What volume of ammonia gas at 25 C and 1.5 atm is needed to make 500g of urea?

Question

Urea, NH2CONH2, is manufactured from ammonia and carbon dioxide according to the following equation:

2 NH3 (g) + CO2 (g)  NH2CONH2 (aq) + H2O (l)

What volume of ammonia gas at 25o C and 1.5 atm is needed to make 500g of urea?

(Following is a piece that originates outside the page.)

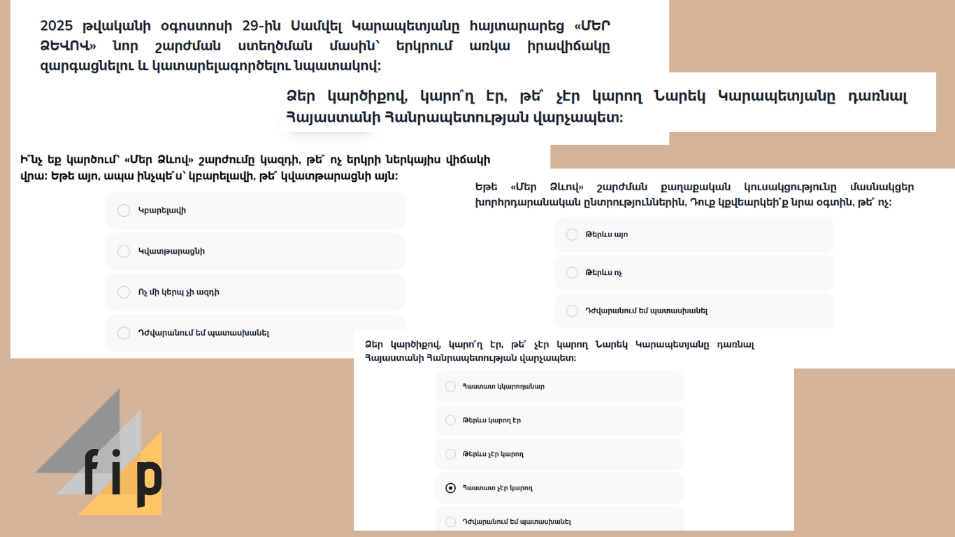 FIP.am-ի ուսումնասիրության ընթացքում ակամա դարձանք հարցման մասնակից․ հարցման կառուցվածքը, հարցերի բովանդակությունը և դրանց տրամաբանական շարունակականությունը համընկնում են «Մեր ձևով» շարժման քաղաքական օրակարգի հետ։

Data: Atomic weights N = 14.01, O = 16.00, H = 1.01, C = 12.01

PV = nRT where R = .0821 atm.L / K.mol

Molarity, mol/L = 1000 n / V where n = moles and V = volume in mL

Please help me!!!

Answer 1

first you need to figure out how many mole of ammonia you'll need:

500g urea (MW=60 g/mole) = 8.33 moles

2NH3 --> CON2H4

so you'll need 16.66 moles NH3

The V = nRT/P = 16.66moles(0.821atmL/K•mole)
(25º + 273K)/1.5 atm = 271.73 L

Answer 2

First, find the atomic weight of urea by adding the weight of all the nitrogens, oxygens and carbons in the urea together. Then use this to determine how many moles of nitrogen you need to make 500 grams of urea. Use stoichiometry. 2 moles of NH3=1 mole of urea.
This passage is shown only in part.